DATA SHOWN —

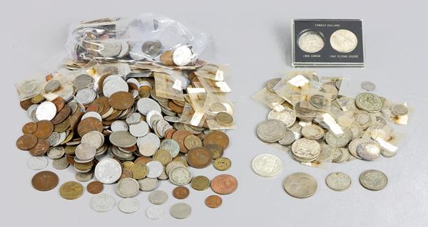Worldwide, Hodgepodge of Foreign Silver & Non-Silver Coins, some countries include: Canada, Panama, Australia, Great Britain, Mexico & many more; there are Canada Silver Dollars, Mexico Silver Pesos, & much more silver; hundreds of non silver coins in the group as well; many different denominations; condition varies; please inspect; plenty of surprises throughout (300+). Shipping charges apply - weight 11 lbs. (Image)
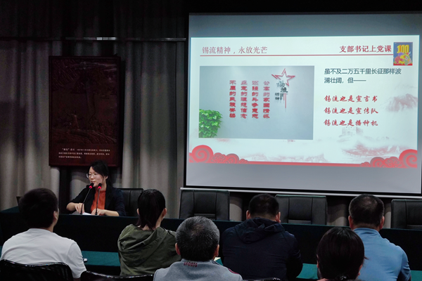 在无锡“第一支部”党建基地,后勤党总支全体成员参观了新中国无锡第一面五星红旗升旗处,瞻仰了秦起烈士铜像、第一支部会址群雕等。基地二楼的革命史画,浓缩了无锡人民在中国共产党领导下进行革命的奋斗历程,12位杰出的无锡共产党人生平,展现了无锡儿女在革命和建设年代作出的辉煌业绩。随后,后勤党总支第二党支部书记吴香菊同志为全体党员带来了一堂以锡流精神,永放光芒为主题的党课,党员同志们跟随红色足迹回到了无锡沦陷前夕的那段历史,同志们深深被锡流所展现的家国情怀、坚定信念、斗争意志和民族精神所感染。
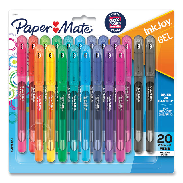 Paper Mate InkJoy Gel Pen, Stick, Medium 0.7 mm, Assorted Ink and Barrel Colors, 20/Pack (2023018)

WHAT YOU HAVE TO DO — What is needed here is each line above set down word for word, minus the images.

SOLUTION TO THE PROBLEM —
Worldwide, Hodgepodge of Foreign Silver & Non-Silver Coins, some countries include: Canada, Panama, Australia, Great Britain, Mexico & many more; there are Canada Silver Dollars, Mexico Silver Pesos, & much more silver; hundreds of non silver coins in the group as well; many different denominations; condition varies; please inspect; plenty of surprises throughout (300+). Shipping charges apply - weight 11 lbs. (Image)
 在无锡“第一支部”党建基地,后勤党总支全体成员参观了新中国无锡第一面五星红旗升旗处,瞻仰了秦起烈士铜像、第一支部会址群雕等。基地二楼的革命史画,浓缩了无锡人民在中国共产党领导下进行革命的奋斗历程,12位杰出的无锡共产党人生平,展现了无锡儿女在革命和建设年代作出的辉煌业绩。随后,后勤党总支第二党支部书记吴香菊同志为全体党员带来了一堂以锡流精神,永放光芒为主题的党课,党员同志们跟随红色足迹回到了无锡沦陷前夕的那段历史,同志们深深被锡流所展现的家国情怀、坚定信念、斗争意志和民族精神所感染。
 Paper Mate InkJoy Gel Pen, Stick, Medium 0.7 mm, Assorted Ink and Barrel Colors, 20/Pack (2023018)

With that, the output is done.